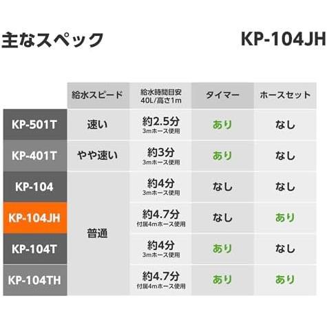 単品_1) 4mホース付 工進(KOSHIN) 家庭用バスポンプ AC-100V KP-104JH 4m ホース付 風呂 残り湯 洗濯機 最大吐出量 11L/分 (付属4mホース時
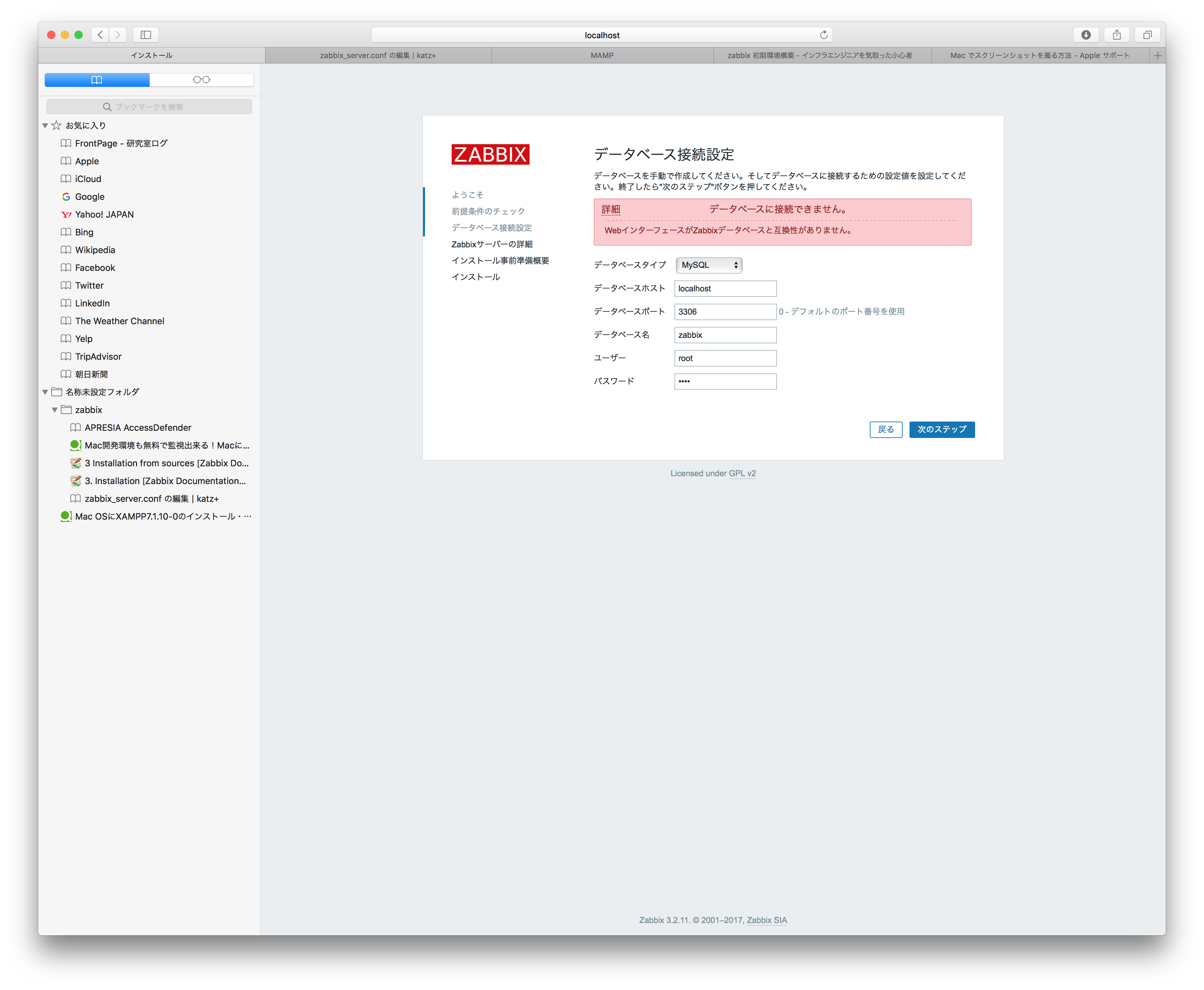 現状は、下の画像の通りwebインターフェイスとzabbixデータベースの互換性がないとでている。
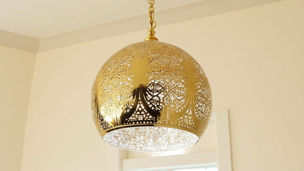 Sophistication shines bright with Glamorous Gold Orb Lights, and you’ll instantly elevate your powder room’s style with them. These fixtures, often 12-16 inches in diameter, bring a chic vibe in just 30 minutes of installation.
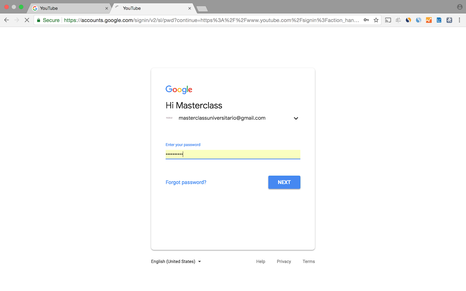 Para acceder se genera la pantalla con mi email, después de indicar NEXT, se genera la pantalla en que reconoce al usuario para que suba la clave de acceso y despliega la clave que está guardada, sin embargo al segundo cierra la pantalla para regresar a la primera pantalla nuevamente con el email. Estoy en un loop sin poder entrar.
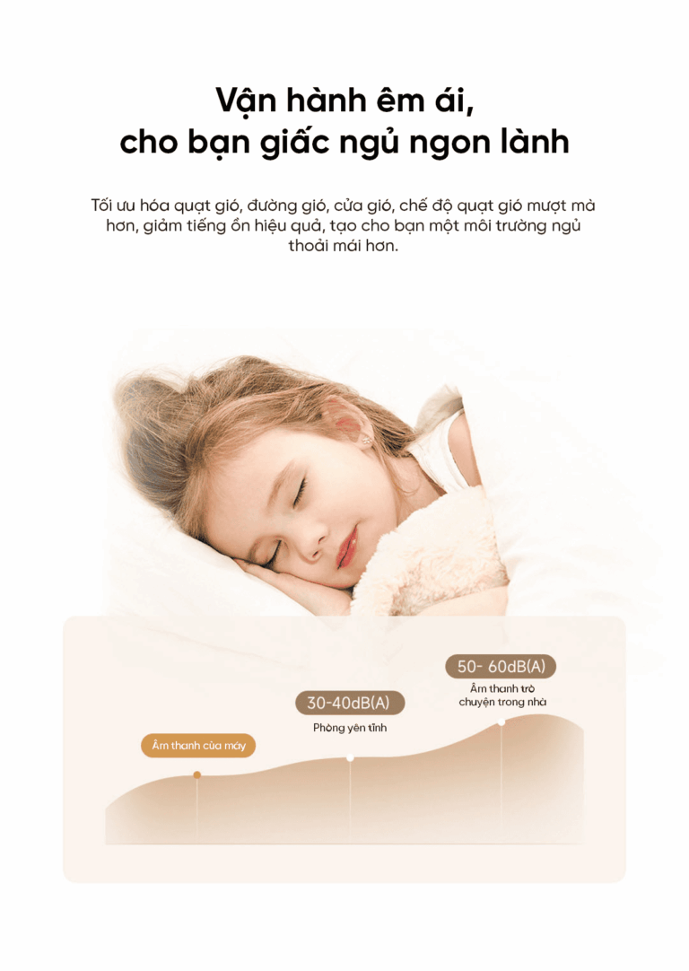 Vận hành êm ái giúp bạn có giấc ngủ sâu và dễ chịu hơn. Hệ thống quạt, đường dẫn gió và cửa gió được tối ưu hóa để luồng gió thổi ra nhẹ nhàng, êm mượt, đồng thời giảm thiểu tiếng ồn đáng kể. Nhờ đó, máy hoạt động yên tĩnh, mang đến không gian nghỉ ngơi thoải mái và thư giãn tuyệt đối.
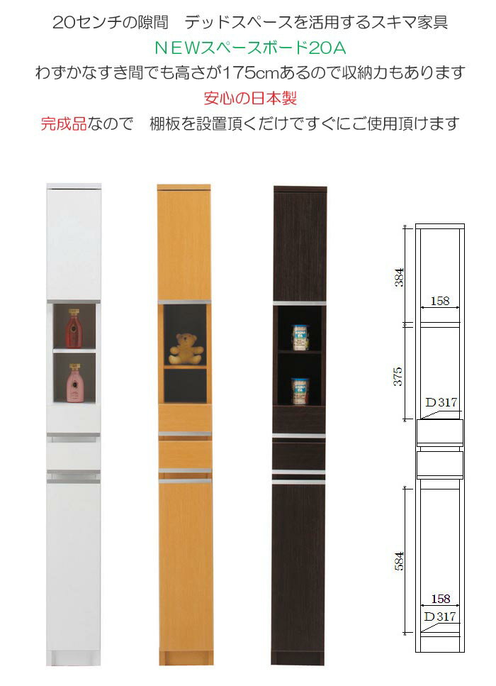 商品 NEWスペースボード 20A 商品説明 20センチの隙間、デッドスペースを活用するスキマ家具「NEWスペースボード20A」。
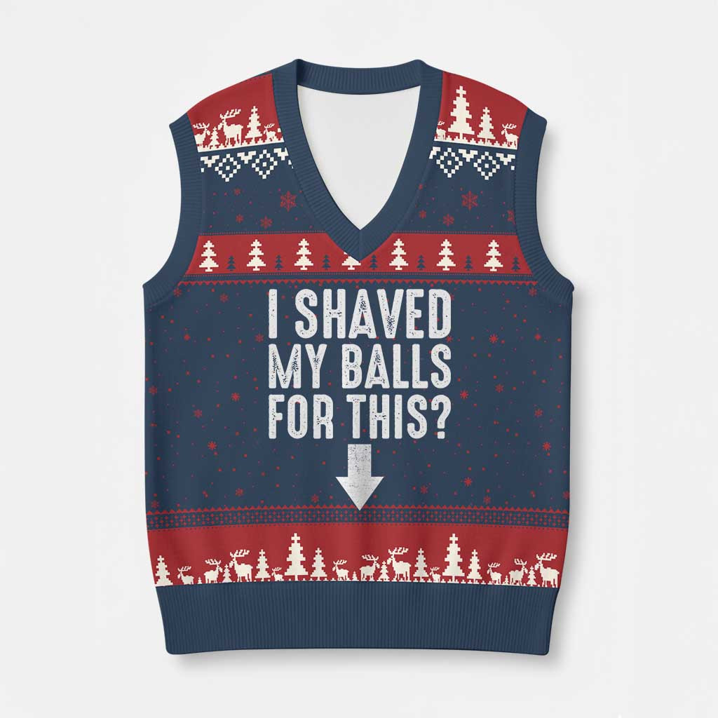 Rushgleam I Shaved My Balls For This Ugly Christmas V-Neck Knit Sweater Vest Hilarious Adult Gift
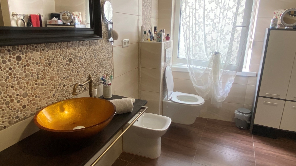 Das Tageslichtbad mit große Dusche wurde 2018 modernisiert.
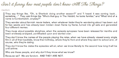 "They say things like, 'Oh is Sherlock doing another season?' and 'I heard it was coming back...sometime...' They ask things like 'Who's that guy in The Hobbit, he looks familiar...' and 'What kind of a name is Cumberbatch, anyway?'
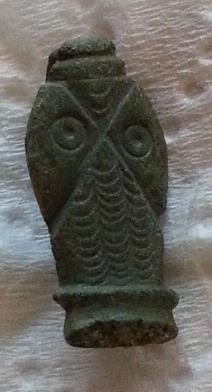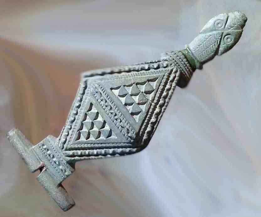 Fibule emaillee a decor geometrique et a pied figurant une tete de tortue, GR II eme, bien sur, et la petite a retrouve toute sa tete
+===+
The problem: Please copy, exactly and only, the lines of the listing that run from the one holding "現状は、下の画像の通りweb" through its last line, and exclude pictures.

Solution to this exercise:
 現状は、下の画像の通りwebインターフェイスとzabbixデータベースの互換性がないとでている。
 Sophistication shines bright with Glamorous Gold Orb Lights, and you’ll instantly elevate your powder room’s style with them. These fixtures, often 12-16 inches in diameter, bring a chic vibe in just 30 minutes of installation.
 Para acceder se genera la pantalla con mi email, después de indicar NEXT, se genera la pantalla en que reconoce al usuario para que suba la clave de acceso y despliega la clave que está guardada, sin embargo al segundo cierra la pantalla para regresar a la primera pantalla nuevamente con el email. Estoy en un loop sin poder entrar.
 Vận hành êm ái giúp bạn có giấc ngủ sâu và dễ chịu hơn. Hệ thống quạt, đường dẫn gió và cửa gió được tối ưu hóa để luồng gió thổi ra nhẹ nhàng, êm mượt, đồng thời giảm thiểu tiếng ồn đáng kể. Nhờ đó, máy hoạt động yên tĩnh, mang đến không gian nghỉ ngơi thoải mái và thư giãn tuyệt đối.
 商品 NEWスペースボード 20A 商品説明 20センチの隙間、デッドスペースを活用するスキマ家具「NEWスペースボード20A」。
 Rushgleam I Shaved My Balls For This Ugly Christmas V-Neck Knit Sweater Vest Hilarious Adult Gift
 Das Tageslichtbad mit große Dusche wurde 2018 modernisiert.
 "They say things like, 'Oh is Sherlock doing another season?' and 'I heard it was coming back...sometime...' They ask things like 'Who's that guy in The Hobbit, he looks familiar...' and 'What kind of a name is Cumberbatch, anyway?'
 Fibule emaillee a decor geometrique et a pied figurant une tete de tortue, GR II eme, bien sur, et la petite a retrouve toute sa tete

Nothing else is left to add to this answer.